Both Daedalus aircraft were constructed with a framework of carbon fiber tubes. Airfoil shape for the wing and tail elements was maintained with a thin polystyrene foam leading edge, polystyrene ribs, and a Kevlar trailing edge. Wing skin was Mylar plastic of approximately 0.3 mil (8 μm) thickness. The bottom portion of the fuselage and majority of the pilot seat were made of Kevlar as well. Horizontal and vertical stabilizers were "all-moving" control surfaces.

==Airfoils==
Mark Drela had recently written the program XFOIL, which enables the design of aerofoils and accurately predicts performance at a wide range of Reynolds numbers.
The wing sections never existed on paper, either as lists of numbers or as drawings. The information came out of the design program onto disc, and this guided the cutter.
The spar of the MLE (Michelob Light Eagle) was three tubes aligned vertically.

This scheme was abandoned for the final Daedalus design where the more usual single tube was used. Construction of Light Eagle took 15,000 hours work by 18 members of MIT.
The airfoils which were used are: DAE11, DAE21, DAE31, and DAE51.

==Record-setting flight==
The record-setting flight of Daedalus 88 had as pilot Olympic cyclist Kanellos Kanellopoulos of Greece. The flight began at the main airport of Iraklion, on Crete, with a horizontal launch under the pilot's own power, as governed by FAI rules. During the flight, the Daedalus flew primarily between 15 and 30 feet in altitude, and it was accompanied by several escort vessels. The speed of the flight was helped by a tailwind, but this also made a head-on landing approach to the narrow beach hazardous, especially with crowds of spectators on the sand.
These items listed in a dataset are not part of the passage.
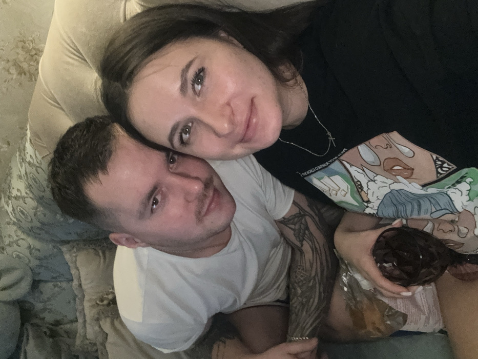 A couple reclines on a patterned couch, close to each other. The woman, with dark hair, wears a graphic black t-shirt and a cross necklace, while holding a decorative, dark-colored object. The man, sporting a white t-shirt, has a close-cropped haircut and facial hair. He is adorned with forearm tattoos. Both are looking towards the camera. The scene is captured from a slightly high angle, emphasizing their relaxed pose.
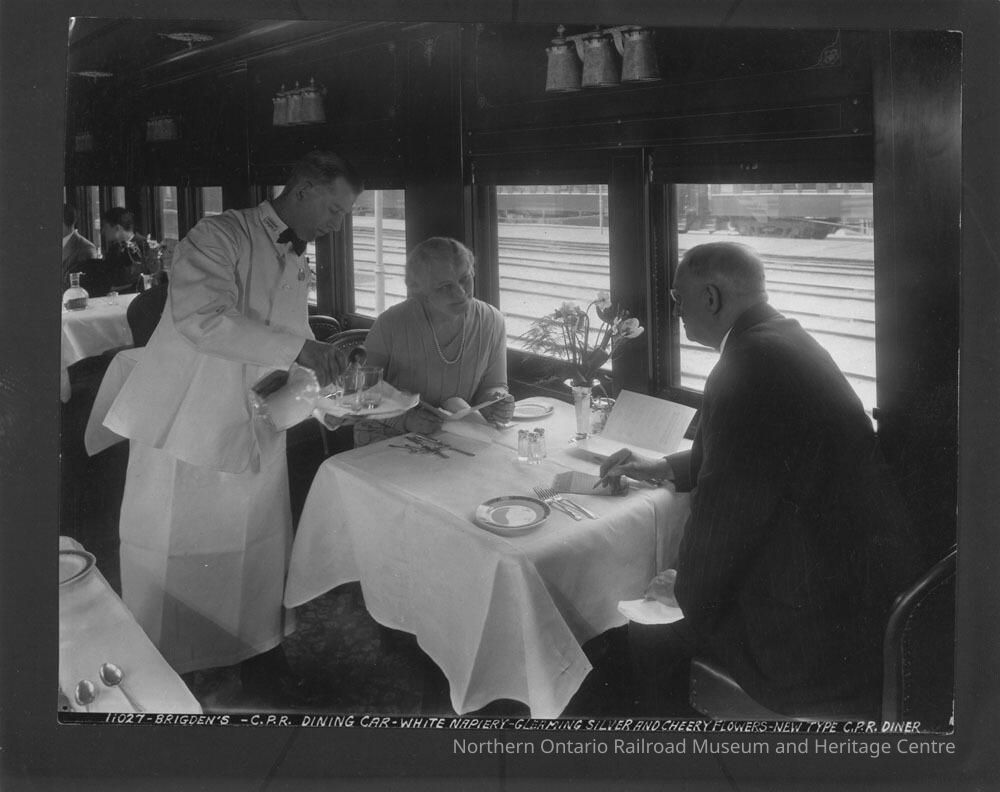 Photograph, Canadian Pacific Railway dining car, white napiery, gleaming silver and cheery flowers, 1920's.Collection
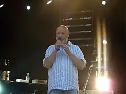 In 1994, the Pyramid Stage burned down just over a week before the festival; a temporary main stage was erected in time for the festival.[37] The 1994 festival also introduced a 150 kW wind turbine which provided some of the festival power.[38] Headliners Levellers set another record when they played to a crowd of as many as 300,000 people on their Friday performance, Glastonbury's biggest ever crowd as of 2010.[39]

The pilot maneuvered the aircraft to land more into the wind and parallel with the length of the beach. As the right wing extended over the black sand beach, the heat rising from the beach lifted that wing, turning the aircraft back towards the sea. This effect prevented the pilot from getting the whole aircraft onto the beach.

The flight ended in the water (7 meters from Perissa Beach on Santorini, according to the official record), when increasing gusty winds caused a torsional failure of the tail boom. Lacking control, the airplane then pitched nose-up, and another gust caused a failure of the main wing spar. The pilot swam to shore.

The pilot used a hydration drink during flight.